This work addresses the severe performance degradation of large multimodal models (LMMs) under ultra-low-bit quantization (e.g., 2-bit). We first theoretically establish a tight upper bound linking the intrinsic sparsity of attention matrices to compression errors in Query/Key weight quantization. Building on this insight, we propose a data-aware, hierarchical low-rank decomposition framework coupled with cross-layer adaptive bit allocation—a unified compression paradigm compatible with state-of-the-art 2-bit methods such as AQLM and QuIP#. Evaluated on image-language and video-language benchmarks, our approach achieves an average accuracy improvement of 21% over prior 2-bit baselines, significantly enhancing both inference accuracy and efficiency of LMMs at ultra-low bitwidths.

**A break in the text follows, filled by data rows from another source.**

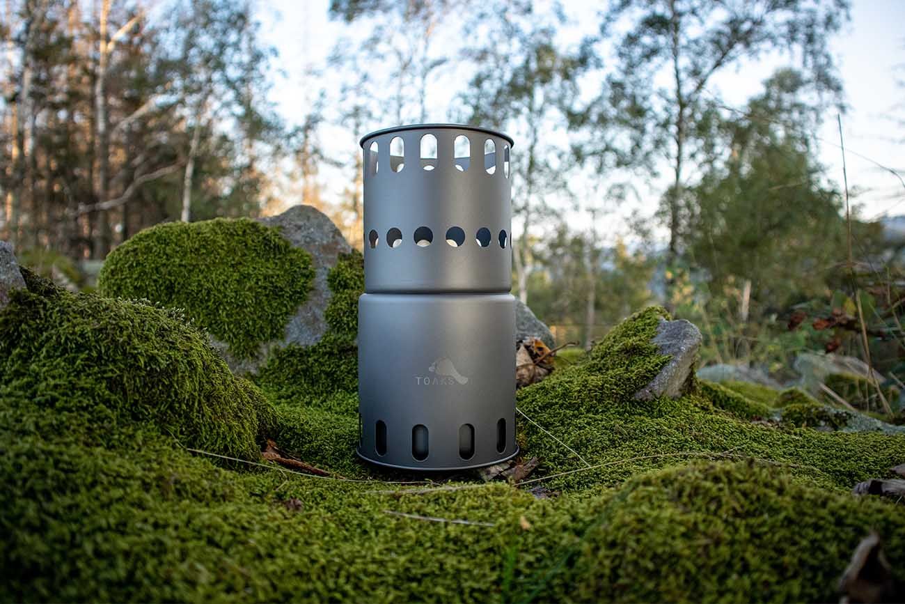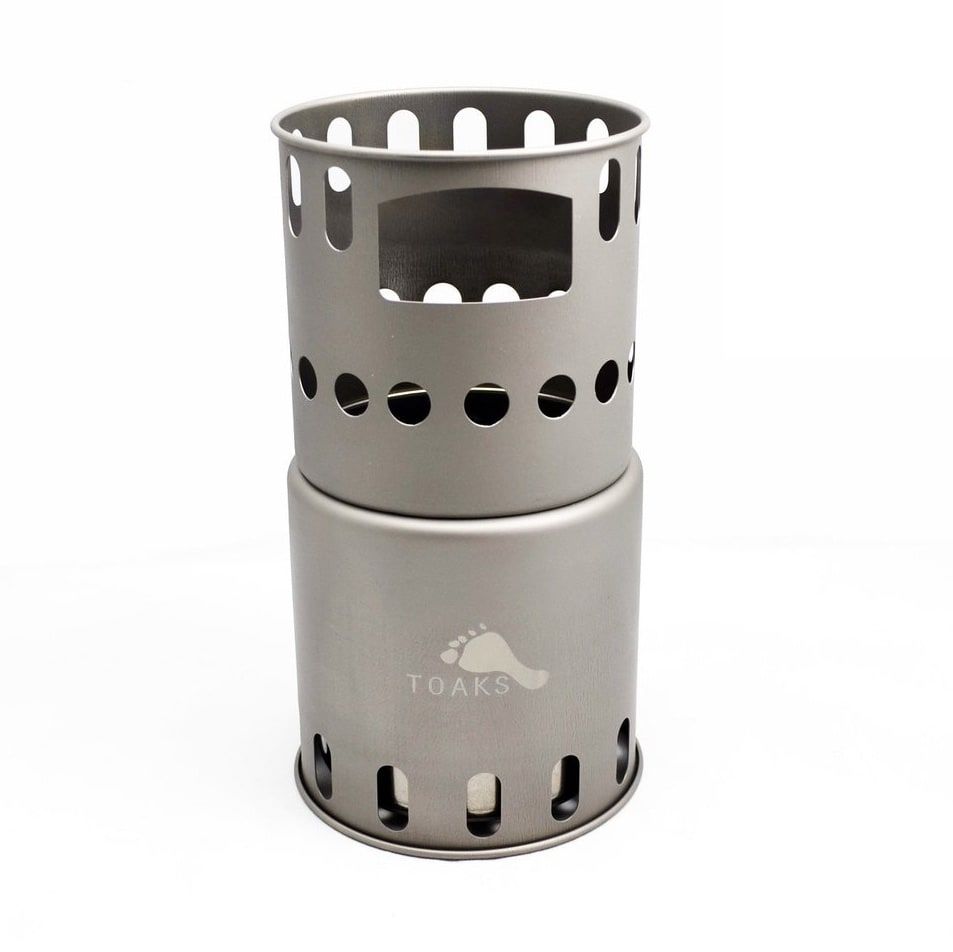 Velký dřívkáč Toaks z titanu s celkovou hmotností 225 gramů. Vařič se skládá ze tří částí, které po složení vytvoří malý komín. Díky vychytané konstrukci má palivo po celou dobu dostatečný přísun kyslíku. S dřívkáčem si jednoduše uděláš dobře kontrolovatelný oheň bez potřeby ohniště, na kterém ohřeješ vodu nebo si opečeš buřty.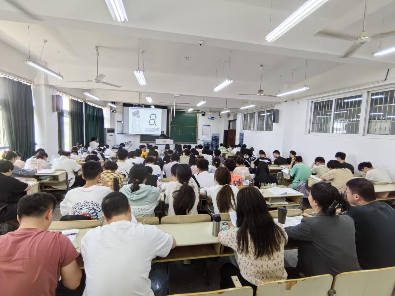 课上,朱娟娟老师首先简单回顾专用键盘/显示器接口芯片HD7279A简介、引脚说明与电气特性。随后,引出单片机与HD7279A的接口电路设计以及应用领域。在讲解中,朱老师通过链接国产芯片企业官网下载技术文档供学生参考学习,播放官网HD7279A工作视频,同时展示HD7279A的国产化提升了国内芯片产业的自主可控能力。将复杂抽象的芯片知识直观化,极大地激发了学生的学习兴趣。最后,重点介绍HD7279A控制命令及其驱动LED数码管显示的原理。在整个教学活动中,朱娟娟老师仪容仪表规范,授课生动热情、条理清晰、循序渐进,并结合超星学习通等智慧教学工具开展了随机点名回答、抢答和作业布置等形式多样的课堂活动。师生互动积极,课堂气氛热烈。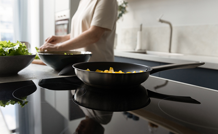 With induction, because the heat comes from the cookware itself rather than the cooktop, your cookware reaches the desired temperature more quickly, cooking your food faster.
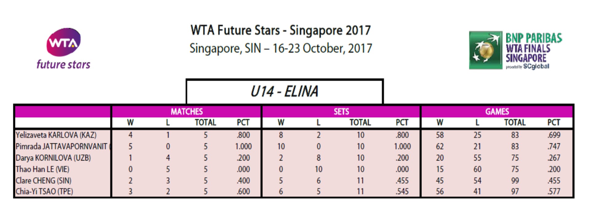 กำลังแข่งอยู่ตอนนี้ รอบชิงชนะเลิศ WTA Future Stars finals ประเภทอายุไม่เกิน 14 ปี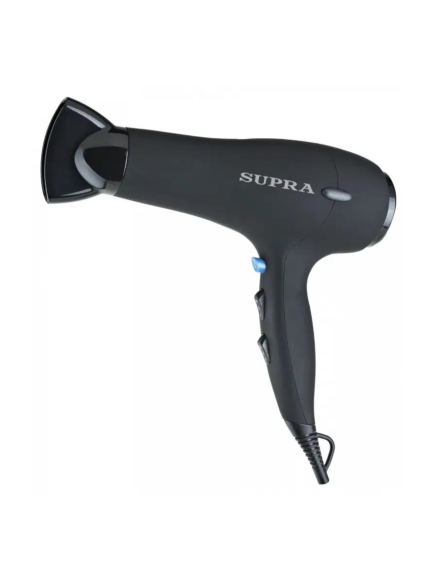 The stylish and functional SUPRA PHS-2204L hair dryer, featuring 2200W of power and a Soft Touch coating, 2 airflow speeds, 3 heat settings, and a concentrator, will help you style your hair whether you're at home, at the cottage, or on business trips or vacations. Straighten unruly strands, add volume at the roots, and set your style with the cool shot feature. Its Soft Touch housing makes it comfortable and pleasant to hold, while its all-black finish and blue cool shot button make it incredibly stylish and eye-catching. It's perfect for use not only at home but also in beauty salons or on-site events. The cool shot feature will prevent dryness and breakage. Concentrator nozzle - 8 x 5.2 cm. Nozzle diameter - 5 cm. Grid diameter - 4.7 cm. Cord length - 186 cm. Number of nozzles - 1. Number of speeds - 2. Number of temperature settings - 3.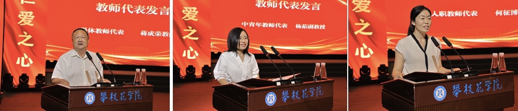 光荣从教30年退休教师代表蒋成荣、中青年教师代表杨茹、新入职教师代表何征分别分享了自己的心得体会。他们表示,教育工作者的首要职责是教书育人,在新时代新征程中将深刻领悟并践行“教育家精神”,始终保持高度责任感和强烈使命感,始终坚守立德树人的根本任务,坚持“以学生为中心”的教学理念,有爱心、有耐心,不断提升自身专业素养,守正创新,当好学生的同行者、引路人。
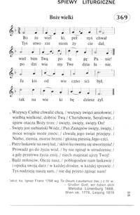 Author: ks. Ignaz Franz Hymnal: Śpiewnik Ewangelicki #369 (2002) First Line: Boźe wielki, pełnyś chwał Lyrics: 1 Boże wielki, peĺnyś chwał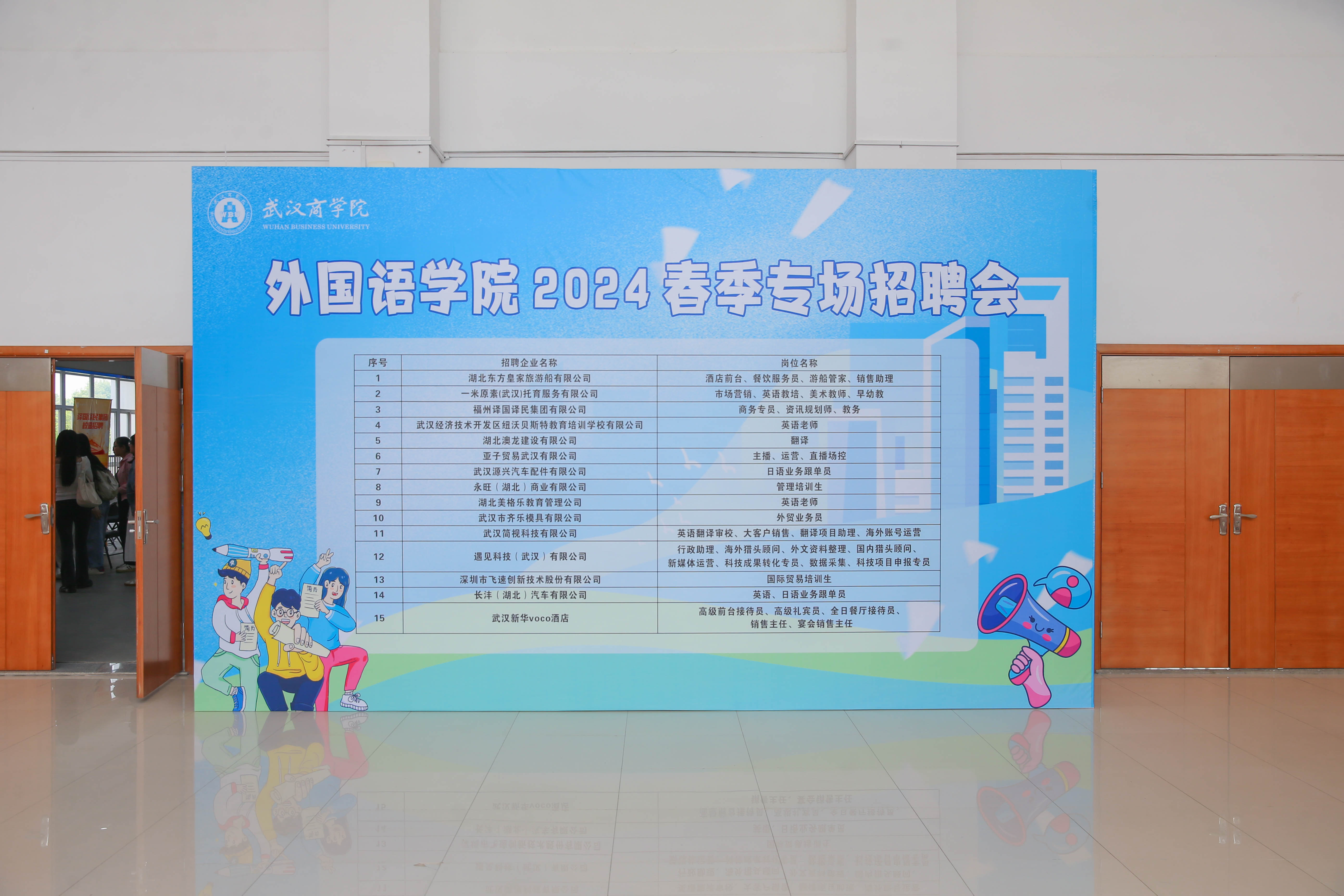 本网讯 为促进高校毕业生高质量充分就业,助力重点产业人才引进,外国语学院抢抓春季招聘“黄金期”。于4月22日在北区大学生活动中心举办2024年春季专场招聘会。此次招聘会邀请15家招聘企业,岗位涉及商务专员、翻译、外贸业务员、海外账号运营等。
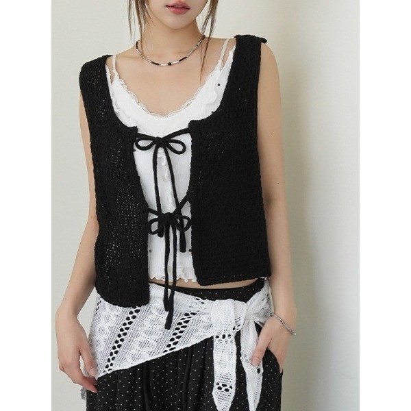 Codibook|韓國 binary01 絲帶造型U領針織背心[預購]針織外套 背心 女裝米褐色,FREE|咖啡色(棕色),FREE|薄荷色,FREE|灰色,FREE|黑色,FREEWinter Jackets & CoatsCodibook 韓國女裝購物平台

In this work, we propose an extreme compression technique for Large Multimodal Models (LMMs). While previous studies have explored quantization as an efficient post-training compression method for Large Language Models (LLMs), low-bit compression for multimodal models remains under-explored. The redundant nature of inputs in multimodal models results in a highly sparse attention matrix. We theoretically and experimentally demonstrate that the attention matrix's sparsity bounds the compression error of the Query and Key weight matrices. Based on this, we introduce CASP, a model compression technique for LMMs. Our approach performs a data-aware low-rank decomposition on the Query and Key weight matrix, followed by quantization across all layers based on an optimal bit allocation process. CASP is compatible with any quantization technique and enhances state-of-the-art 2-bit quantization methods (AQLM and QuIP#) by an average of 21% on image- and video-language benchmarks.